In dat collectieve onbewuste huizen oervormen die door Jung als ‘archetypen’ zijn benaamd. Het zijn universele beelden die staan voor de abstracte begrippen van het leven zoals waarheid, liefde, moed, angst en rechtvaardigheid. Deze archetypen komen tot ons in onze dromen en gedachtespinsels. We proberen ze in het bewuste een plek te geven door ze vast te leggen als tekens in symbolenstelsels, maar ook in talloze mythen en verhalen komen ze tot uiting. Zoals gezegd zijn deze archetypen universeel. Ze zijn dus niet gebonden aan een bepaalde persoon of een specifieke cultuur. Het is dus geen toeval dat zoveel volksverhaaltjes wereldwijd sterke gelijkenissen vertonen. Ook op jonge leeftijd proberen we onze instinctieve beginwaarden al een plek te geven in onze eerste getekende ‘kladwerkjes’. Op latere leeftijd worden ze, doordat we ons door middel van schrift en getal op een andere manier leren uit te drukken, wat naar de achtergrond verdrongen. Ook al zijn we het ons misschien niet zo bewust, archetypen zijn toch ook nog in de maatschappij aanwezig. Of is het soms toeval dat we juist voor het rode verkeerslicht moeten stoppen?
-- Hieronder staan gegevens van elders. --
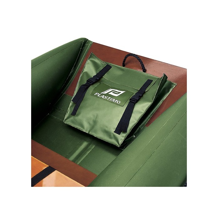 Grüne PVC-Tasche mit Klettverschluss und 2 verstellbaren Riemen.

De makers van abstracte kunst zoeken deze archetypen. Zij willen door hun kunst, boodschappen uiten van een niveau wat onze geschreven en gesproken taal al lang niet meer omvat. Jonge kinderen zijn nog niet gekneed door maatschappelijke normen. Zij uitten zich enkel naar hun oerinstincten. Een gave waar elke expressionist maar wat graag over zou beschikken. Wanneer zij dat proberen kan er dus geen groter compliment over hen werk gemaakt worden dan:”Dat kan mijn kleine broertje ook."

Picasso wist het al: “Als een kind kon ik al tekenen als Raphael, maar het kostte me een heel leven om te leren tekenen als een kind."